Lent and the Meaning of Life
Lent is a time of year which, for most practicing Christians, is earnestly expected and beloved, in spite of, or perhaps because of, its usual austerity.
As Christianity largely developed in the temperate Northern Hemisphere, the experience of most Christians throughout history has been these penitential days falling in the midst of a natural world characterized by its own austerities: the short days, the barrenness of nature, the lack of vegetation.
Yet the season of Lent, much like Advent, is also a season of hope and sober joy as the dawn of Easter approaches. Hence the Church in its ancient Lenten hymns usually closes before the doxology with exultant, yet restrained, notes:
Dies venit, dies tua, per quam reflorent omnia, laetemur in hac ut tuae per hanc reducti gratiae.
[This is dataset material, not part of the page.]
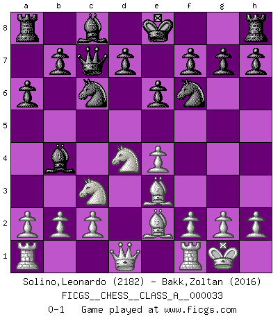Last move : 0-1 2008 March 13 4:2:4 [Event "FICGS__CHESS__CLASS_A__000033"] [Site "FICGS"] [Date "2008.01.02"] [Round "1"] [White "Solino,Leonardo"] [Black "Bakk,Zoltan"] [Result "0-1"] [WhiteElo "2182"] [BlackElo "2016"] 1.e4 c5 2.Nf3 e6 3.d4 cxd4 4.Nxd4 Nc6 5.Nc3 Qc7 6.Be2 a6 7.O-O Nf6 8.Be3 Bb4 0-1 This chess game has been lost on time (started : 2008.01.02 8:27:42) Sicilian : Taimanov (Bastrikov) variation Kingside Castling by player White (move 7) Player Black won this chess game. Follow this game move after move (download)Pawns: they are the soul of this game, they alone form the attack and defense. (Philidor) Es liegt in der Natur, vernüftig zu denken und unlogisch zu handeln. (Anatole France) El Ajedrez es un invernadero donde los frutos del carácter pueden madurar mas completamente que en la vida. (Edward Morgan Foster) La tactique est l'élément le plus important du milieu de jeu. (Siegbert Tarrasch) What doesn't kill us makes us stronger. (Friedrich Nietzsche)
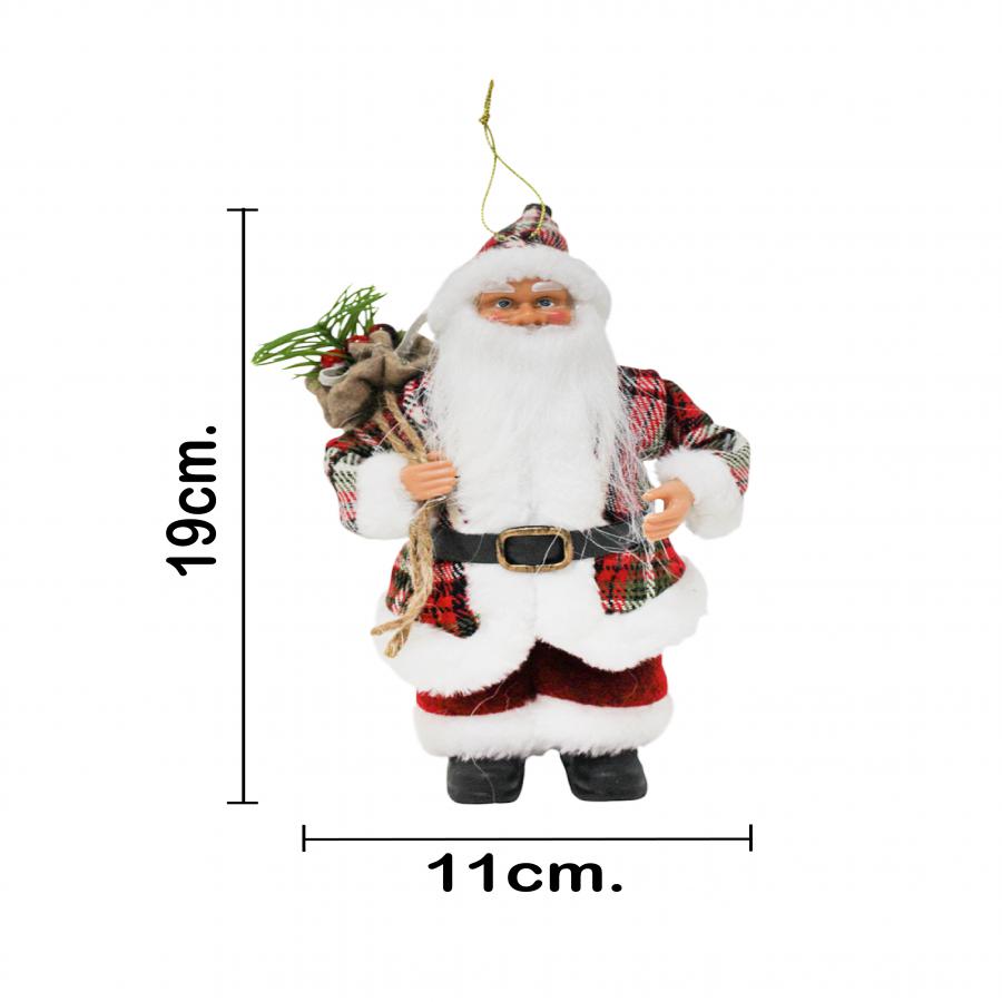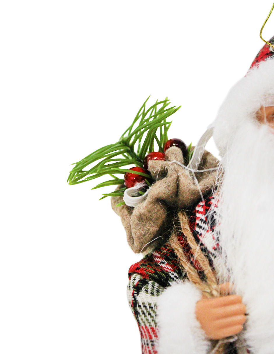 Figura decorativa de Santa Claus con un elegante abrigo escocés y follaje. Es la pieza ideal para añadir un toque de encanto y estilo a tus espacios. Material: resina y tela. Medidas: 20cm.

“The day comes, your day, [Easter] through which all things bloom anew. May we rejoice in this [day], having been led by it to your grace.”
The emphasis on that Dies, the great day of Easter, is juxtaposed masterfully with the constant refrain from Psalm 95, “If today you hear his voice, harden not your hearts.” In a sense, the great day of Resurrection is linked specifically by the Church’s liturgy to the today of our personal conversion and repentance. The seeds of resurrection have already been sown in us, if we have begun to turn anew to God.
Psalm 95, which is repeated in the Gospel Acclamation of Ash Wednesday, reminds us that we too inhabit an in-between world, a journey from sin and into righteousness. The daily readings, especially from the Liturgy Hours, represent to us the Exodus journey of the people of Israel out of slavery as an interpretive key to view our own Lenten journey. Firstly, we recognize the acts of Christ’s own life as our head and redeemer, as he combated the forces of evil and of sin. We participate in that same great combat by virtue of our Baptismal participation in his life, and if we are successful in incorporating our efforts into him and into the grace he offers, we too can experience the power of the Divine Life growing within us.
It may be truly said that Lent is an annual ‘reality check’ for the Christian. That is, we are invited to humble ourselves and to associate ourselves with the Man of Sorrows of the Gospels, and to see how we measure up to him. We gaze in wonder at his beneficence and magnanimity, and we likewise marvel at the obstinacy, spiritual blindness, and cold indifference which Our Blessed Lord met during his earthly life.
People tend to look at Lent primarily through the lens of its austerities, but that it not the most helpful way of approaching this season. The traditional practices of fasting, prayer and almsgiving are the staple practices of any Christian spirituality. They ought to be a constant practice, not just a Lenten one. Yet their intensification is meant to force the issue for us, that above all, to borrow from the words of the spiritual writer Father Edward Leen, the purpose of life is “not to gratify us, but to purify us”. That is, the purpose of life is to expand our capacity to love, and our capacity to receive bliss. Our lives will one day be measured completely by this, and by this alone.
Most people today believe that they are entitled to heaven, which is in fact a diabolical form of presumption. What most people do not recognize is that they are in fact constitutionally incapable of entering heaven, both because of the wound of original sin, and the further battering of serious personal sin. Willfully practiced and unrepented of sin does not simply make us bad, it makes us closed to the ultimate source of life, and so the ultimate source of joy. Lent, especially with its emphasis on repentance and confession (which remove personal sin) and a renewal of baptismal commitment (which removes original and personal sin), strike at the root of these two deep impediments to grace.
In the collision course with ourselves that Lent engineers, we experience, if we are doing it well, the intense tension between God’s goodness and our wickedness. Yet it is a journey into the light.
I wish all of you a Happy Lent of 2019, that we may greet together that great day of Resurrection Joy, having had our hearts expanded, and led back to grace.